Digest

Peter Kellner examines the reasons why the pollsters so badly underestimated the Tory vote in the 1992 election and asks whether it could happen again.
May 19, 1996

British journalism review

Spring 1996

Every single poll on election morning, 9th April 1992, predicted a hung parliament. Using very similar methods, they offered very similar figures-ranging from a Labour lead of 3 points (Nop), to a Conservative lead of 0.5 points (Gallup). Never before had the polls been so far from the true result: a Tory victory by 8 points.

According to a subsequent inquiry by the Market Research Society, the polls made a series of small errors which had the effect of inflating Labour's rating and reducing that of the Tories. The inquiry claimed that none of these errors were individually large; what was deadly was their cumulative impact.

Since 1992, pollsters have agreed about one specific failing at the last election, and disagreed about almost everything else. They agree that their samples contained too few middle class ABC1s and too many working class C2DEs. All the polling organisations have increased their proportion of ABC1s from 41-43 per cent to 47-48 per cent, and ICM, Nop and Mori have also adjusted both their samples and their final figures. But some problems remain.

Apart from its monthly quota polls for the Sunday Times, Nop conducts three random polls each month, in which interviewers are given names and addresses of specific electors drawn at random, and required to track down as many of them as possible over a seven-day period. Between September and December, they found that the Conservatives enjoyed a 5 point lead over Labour among AB voters (professional and managerial workers and their spouses) who comprise around 20 per cent of the electorate. Yet Nop, Mori and Gallup quota polls all showed Labour ahead among these voters. In Nop and Mori polls the leads were generally small; but Gallup showed Labour ahead among ABs by 10-15 points.

My own hunch is that when interviewers conduct quota polls, they tend to target the "easier" AB voters; they conduct street interviews with people who commute by train, and in-home interviews in reasonably well-to-do streets. They have less enthusiasm for remote villages and houses which are widely spaced and separated from the road by gravel drives. So they find too few of the richest, mainly Tory AB voters; and too many of those who work in the relatively less Tory worlds of education, health, media, law, the arts and public administration. That problem does not apply to random polls, whose interviewers must descend on distant hamlets and trudge up the right proportion of gravel drives-whether or not they want to.

Possible solutions are to give interviewers more precise instructions about where to find respondents; and to carry out more checks on demographic accuracy.

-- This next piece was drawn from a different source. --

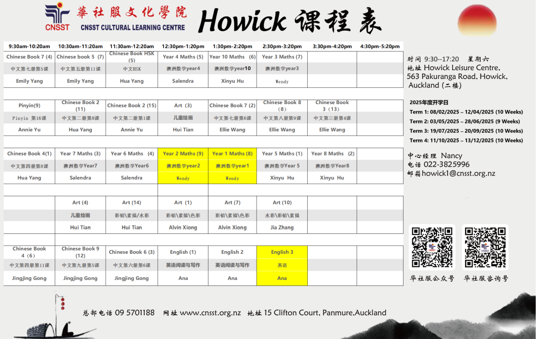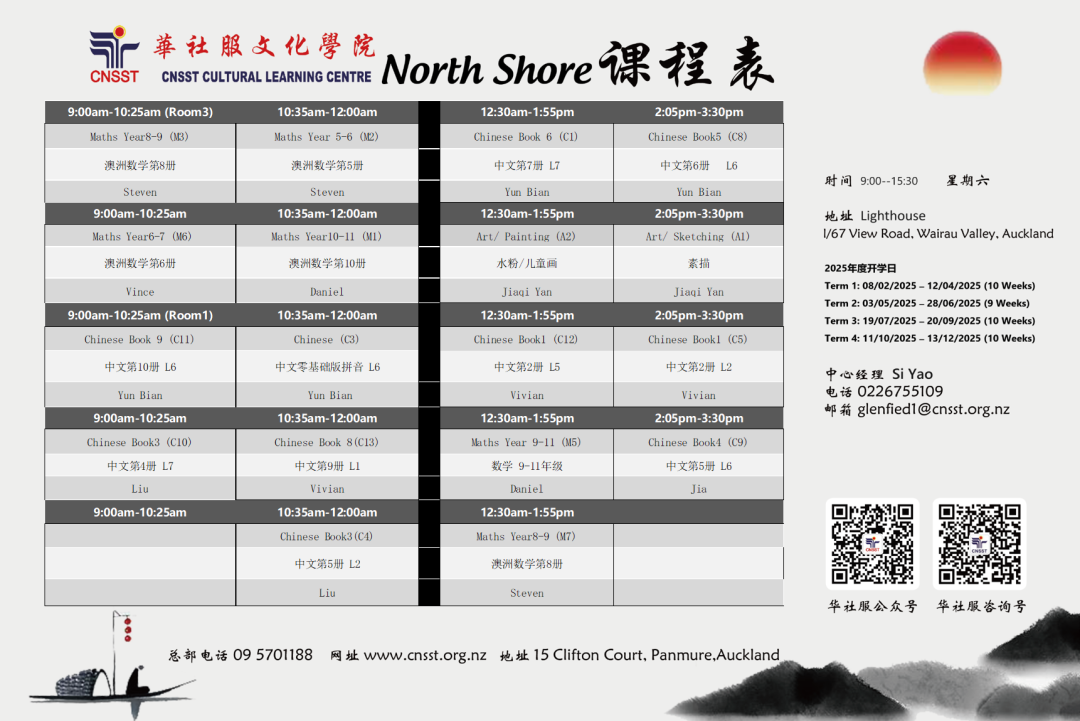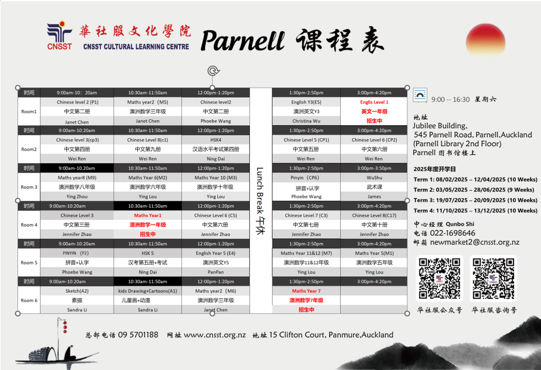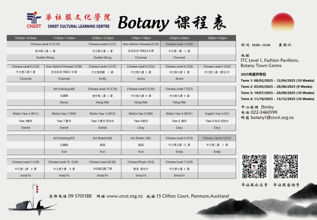 开学啦:新西兰华社服文化学院2025年第二学期热招中!专业师资,中文课长年优惠价,新生免费试听15分钟!欢迎到访!

The fact that Gallup usually produces the largest Labour lead overall may owe something to the fact that it carries out the least demographic checks. Thirty per cent of adults live in households with two or more cars, according to the census; but while ICM, Mori and Nop now make sure that their samples represent this, Gallup simply collects the information and does not weight its raw data by car ownership. Its combined November polls contained only 23 per cent of respondents in households with two cars or more, and as many as 32 per cent in no-car households (from which other polls draw only 24 per cent). Gallup's samples are significantly less opulent. No wonder they normally produce large Labour leads.

At the other end of the spectrum sits ICM. It recently switched from face-to-face to telephone polls, overcoming the distant village and gravel drive problem. On the other hand, non-telephone owners are generally poorer and more Labour-inclined than telephone owners. But the switch has had little impact on ICM's adjusted figures.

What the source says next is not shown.